Spirax-Sarco, Nicholas says, manufactures 85% of everything that it sells in its international network of manufacturing plants – on top of that it has a system of sales and distribution operations. “Of our almost 8,000 employees, 1,600 are actually customer-facing salesmen,” he notes.
“And it’s that direct contact with the users of our products that allows us to create solutions and identify opportunities to improve the customer’s processes via the use of those products. Things that a customer might not have realised they needed before.

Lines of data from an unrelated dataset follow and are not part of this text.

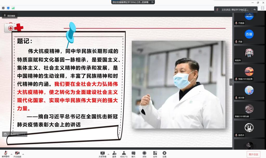 接下来,来自理论宣传中心的刘泽璇同学为同学们进行了抗疫精神宣传讲解。刘泽璇同学分别为我们讲解生命至上,举国同心,舍生忘死,命运与共,尊重科学共五点抗疫精神。带领同学们回顾了自疫情爆发以来中国在抗疫方面取得的重大成就,并重温了抗击疫情中的温暖故事和伟大人物,生动形象地诠释出了中国抗疫精神。
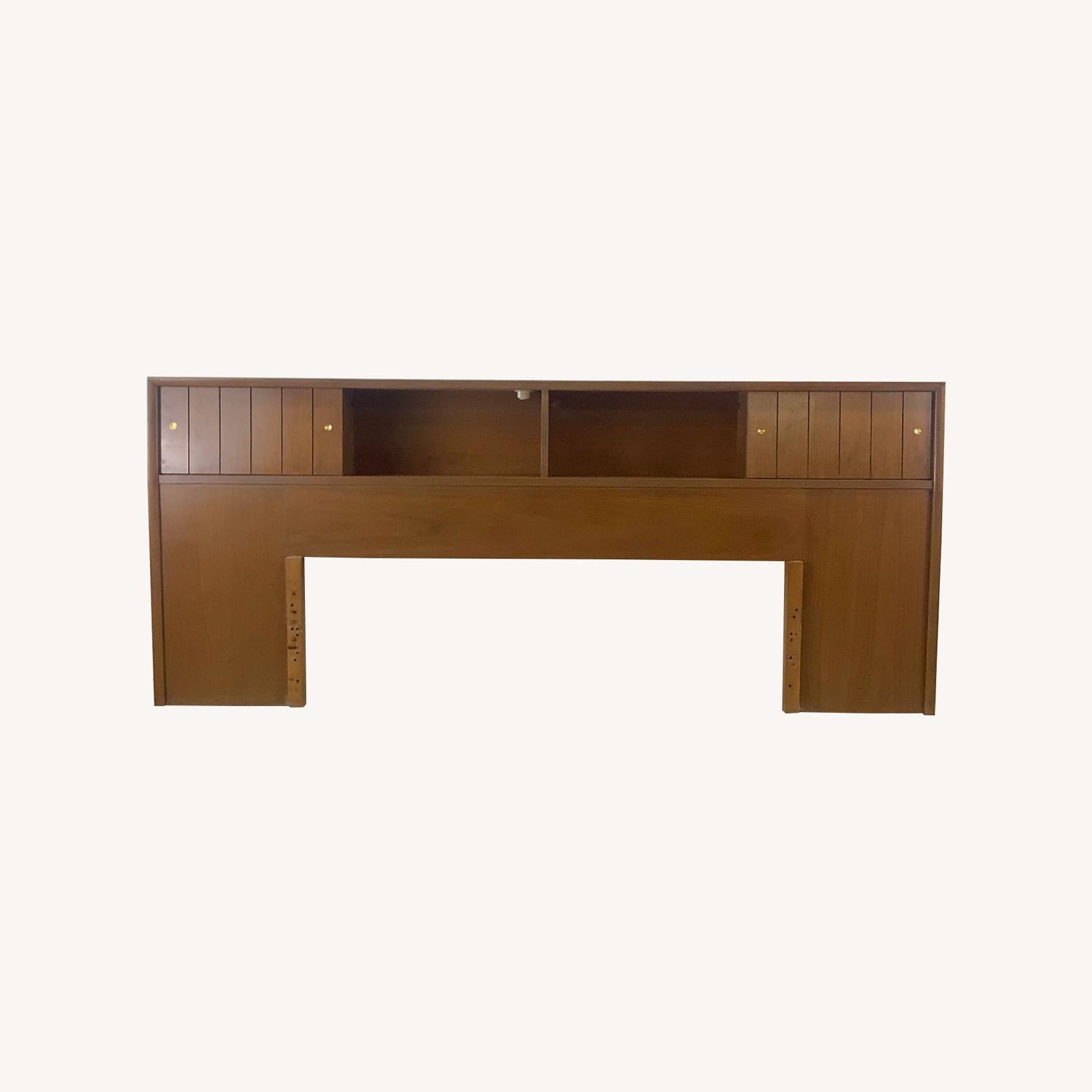 Seller's Notes:Transform your bedroom with this vintage modern Kroehler storage headboard, a versatile piece that encapsulates the essence of mid-century design. At 80 inches wide, it's crafted with the flexibility to accommodate both full and king-size beds. This headboard, featuring sliding doors and ample storage space, marries functionality with timeless style. Kroehler, a name synonymous with mid-century quality, brings you a piece that reflects the durability and design excellence of vintage furniture. Opting for this headboard not only enhances your space with a retro touch but also aligns with eco-friendly living. Vintage furniture reduces environmental impact, supports sustainable choices, and often retains or appreciates in value over time. Whether you're a mid-century aficionado or simply seeking to add a unique element to your bedroom, this storage headboard offers a perfect blend of practicality and style. It's more than a piece of furniture; it's a sustainable investment in quality design. Invest in this vintage Kroehler storage headboard and bring home a piece that's steeped in history, exuding the charm and quality of mid-century craftsmanship. It's not just a headboard; it's a statement of timeless elegance and eco-conscious living. Matching highboy, lowboy, and nightstands also available, contact seller for details. Dimensions: 80.25w 10d 34h Condition: age appropriate wear, vintage finish worn, scuffs/scratches, edge wear, discoloration, veneer chips, vintage wiring needs replacement, additional hardware needed to attach, see photos.
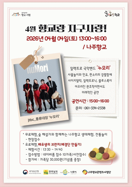 [¹Ìµð¾îÀü³² Á¦°¥´ëÁ¾ ±âÀÚ]Àü³² ³ªÁֽð¡ ÀüÅë¹®È¿Í È¯°æ ¸Þ½ÃÁö, Çö´ë °ø¿¬À» °áÇÕÇÑ Ã¼ÇèÇü ÇÁ·Î±×·¥À» ÅëÇØ ½Ã¹Î°ú °ü±¤°´¿¡°Ô »ö´Ù¸¥ ¹®È °æÇèÀ» Á¦°øÇÑ´Ù. 1ÀÏ ³ªÁֽÿ¡ µû¸£¸é ¡®³ªÁÖÇâ±³ ±ÁÀº ¼Ò³ª¹«Çб³¡¯ ÇÁ·Î±×·¥ÀÇ ÀÏȯÀ¸¡¦

“The way we’ve been able to sustain that level of growth above global industrial production growth rate is by driving demand through bespoke engineered solutions for our customers. And then we aspire to have excellence in our manufacturing cycles so we can make those with high quality, safety and cost efficiency. The profit margin is a combination of profits created at both ends of the cycle. When we talk about sustainability, that concept is key to understanding Spirax-Sarco – all of the strategies we employ are around sustainability of that business model.”

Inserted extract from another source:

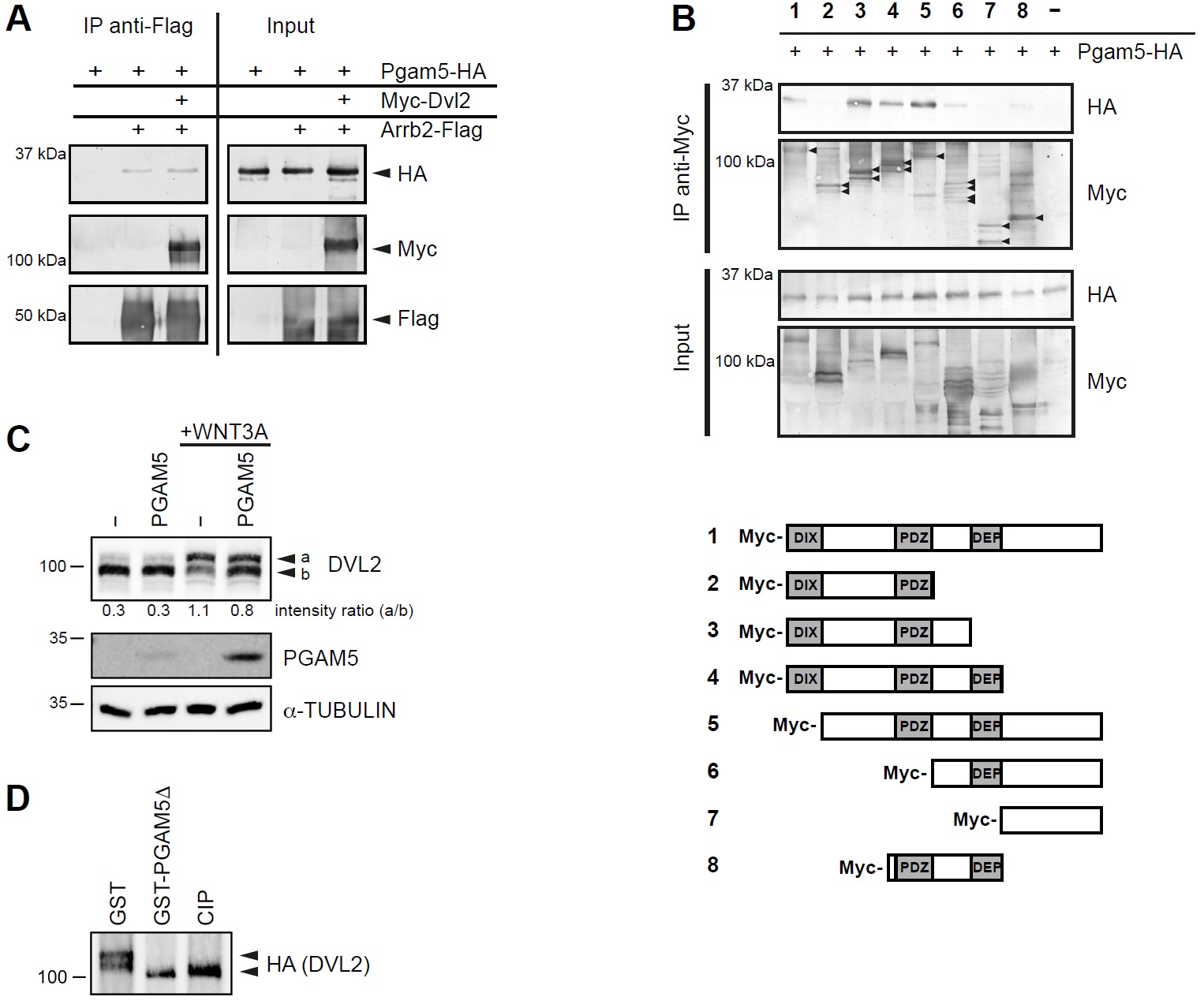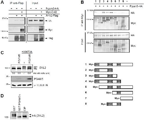 Supplementary Figure 2 (A) Co-immunoprecipitation of overexpressed proteins shows a weak interaction of Pgam5 with Arrb2, which is slightly increased by co-expression of Dvl2. (B) Western blot corresponding to Fig. 1D. The binding site of Pgam5 to Dvl2 was mapped to the region interspacing the PDZ and DEP domain of Dvl2 by co-immunoprecipitation of Pgam5-HA with a series of truncated Dvl2-Myc constructs (1-8) as illustrated. (C) Overexpression of PGAM5 partially reverted WNT3A niduced electrophoretic mobility shifts of endogenous DVL2 in HEK 293T cells, indicating that PGAM5 dephosphorylates DVL2. (D) HA-DVL2 was immunoprecipitated, washed with high stringency to remove bound proteins and incubated with recombinant GST, GST-PGAM5δ (lacking the N-terminal mitochondrial targeting sequence) or Calf Intestinal Alkaline Phosphatase (CIP) for 30 min at 37°C. The sample incubated with GST showed two bands. After incubation with GST-PGAM5δ or CIP only one band with higher electrophoretic mobility remained, which confirmed that DVL2 is directly dephosphorylated by PGAM5. |

Ever since taking the hot seat in this growing engineering business, Nicholas has had a clear focus. So, what are his goals going forward? “You’ve got to have a mindset of not thinking that good is good enough,” he says.
“No matter how well you’re performing, you’ve got to keep looking for ways of innovating and improving. And remain flexible, because the world around you changes all the time.”
“We strive for excellence in everything that we do. The pursuit of excellence is one of our values at Spirax-Sarco, so we try to ingrain it into our DNA. No matter how well you’re performing, you’ve got to keep looking for ways of innovating and improving. And remain flexible, because the world around you changes all the time. I think you’ve got to build that into the culture – into the fabric of the organisation – so that you don’t sit still.”
Nicholas believes the key to success lies in always looking forward. “Business is like riding a bike; if you stop moving, you fall off,” he explains. “The company has been advancing for 130 years, so our mindset has to be to continually renew and refresh ourselves, to stay dynamic and continue growing in a sustainable way, and contributing to society in the process.
“It can’t be just for the benefit of ourselves – it has to be for the benefit of all our stakeholders. We can’t get complacent, we have to keep on looking forward and continuing on that trajectory so that we can hand over something to the next generation that’s been improved upon by this generation.”